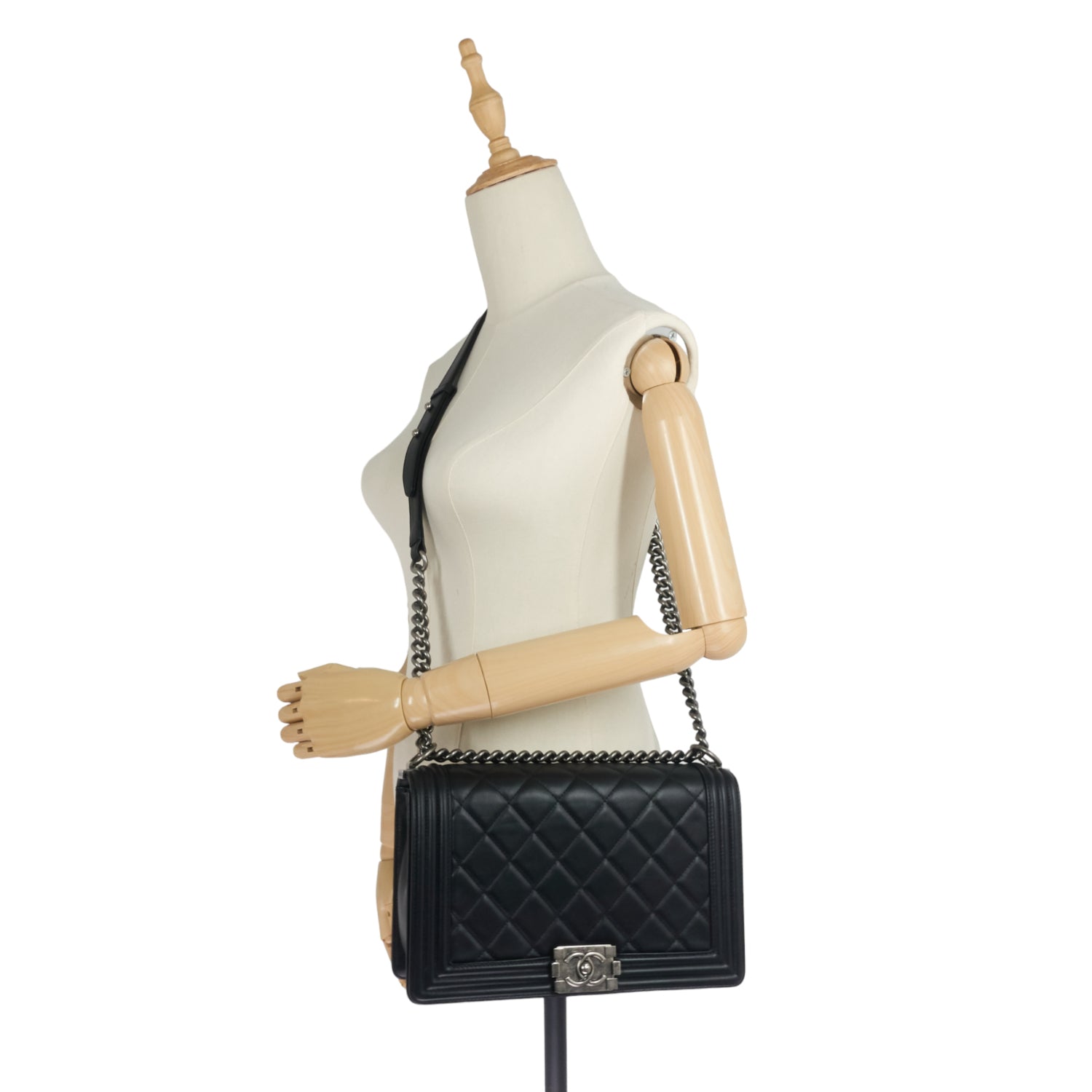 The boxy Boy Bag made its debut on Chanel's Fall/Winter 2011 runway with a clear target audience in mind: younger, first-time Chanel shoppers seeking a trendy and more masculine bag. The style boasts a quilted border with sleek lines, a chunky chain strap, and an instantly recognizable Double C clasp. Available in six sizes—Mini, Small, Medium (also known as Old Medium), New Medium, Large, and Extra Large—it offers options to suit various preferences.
---
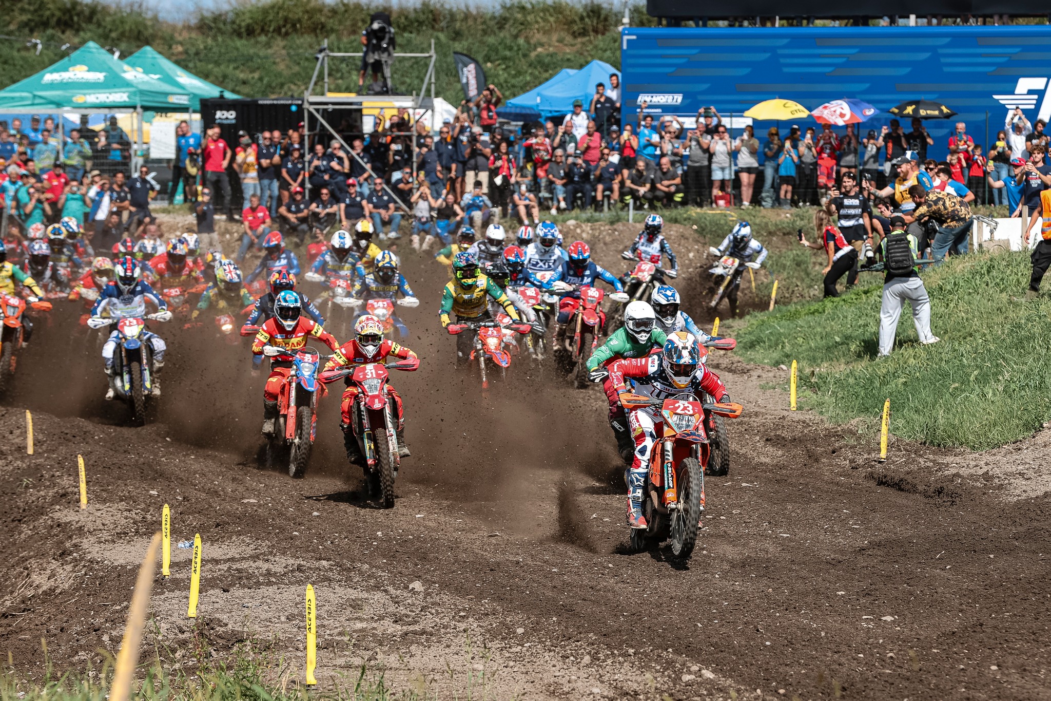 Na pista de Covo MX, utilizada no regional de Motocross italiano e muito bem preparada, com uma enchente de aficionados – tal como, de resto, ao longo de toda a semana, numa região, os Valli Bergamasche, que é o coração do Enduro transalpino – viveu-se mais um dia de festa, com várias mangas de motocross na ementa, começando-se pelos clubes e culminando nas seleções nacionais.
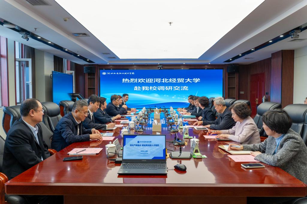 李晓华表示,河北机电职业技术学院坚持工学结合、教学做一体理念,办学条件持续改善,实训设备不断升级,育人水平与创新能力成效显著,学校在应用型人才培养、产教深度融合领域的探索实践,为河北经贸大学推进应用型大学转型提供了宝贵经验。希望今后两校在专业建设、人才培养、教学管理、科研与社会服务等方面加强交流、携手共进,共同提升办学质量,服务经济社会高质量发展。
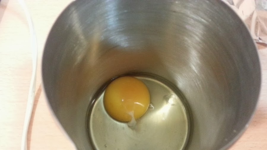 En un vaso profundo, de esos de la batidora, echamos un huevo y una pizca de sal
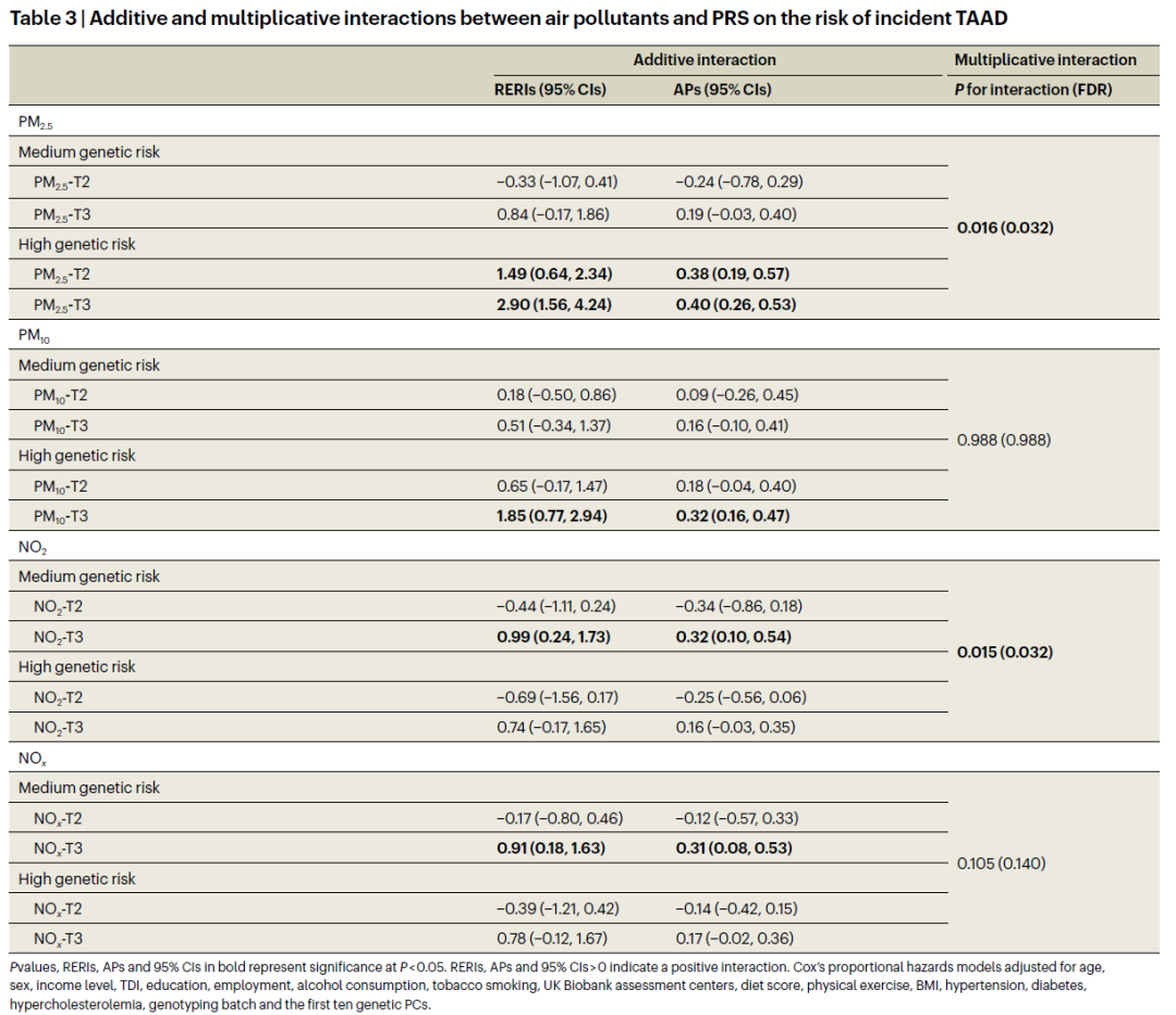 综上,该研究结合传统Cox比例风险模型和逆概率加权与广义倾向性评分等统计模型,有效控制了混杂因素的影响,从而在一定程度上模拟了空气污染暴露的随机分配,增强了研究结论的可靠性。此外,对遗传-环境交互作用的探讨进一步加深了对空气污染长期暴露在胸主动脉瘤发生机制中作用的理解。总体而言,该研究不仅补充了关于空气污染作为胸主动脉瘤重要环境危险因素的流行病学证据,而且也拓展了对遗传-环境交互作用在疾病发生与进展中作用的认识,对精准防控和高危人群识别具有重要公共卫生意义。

PROBLEM TO WORK ON: Copy needed, without pictures: the lines of the listing above from the line containing "李晓华表示,河北机电职业技术" up to and including the line containing "En un vaso profundo, de", set down exactly.

TASK ANSWER:
 李晓华表示,河北机电职业技术学院坚持工学结合、教学做一体理念,办学条件持续改善,实训设备不断升级,育人水平与创新能力成效显著,学校在应用型人才培养、产教深度融合领域的探索实践,为河北经贸大学推进应用型大学转型提供了宝贵经验。希望今后两校在专业建设、人才培养、教学管理、科研与社会服务等方面加强交流、携手共进,共同提升办学质量,服务经济社会高质量发展。
 En un vaso profundo, de esos de la batidora, echamos un huevo y una pizca de sal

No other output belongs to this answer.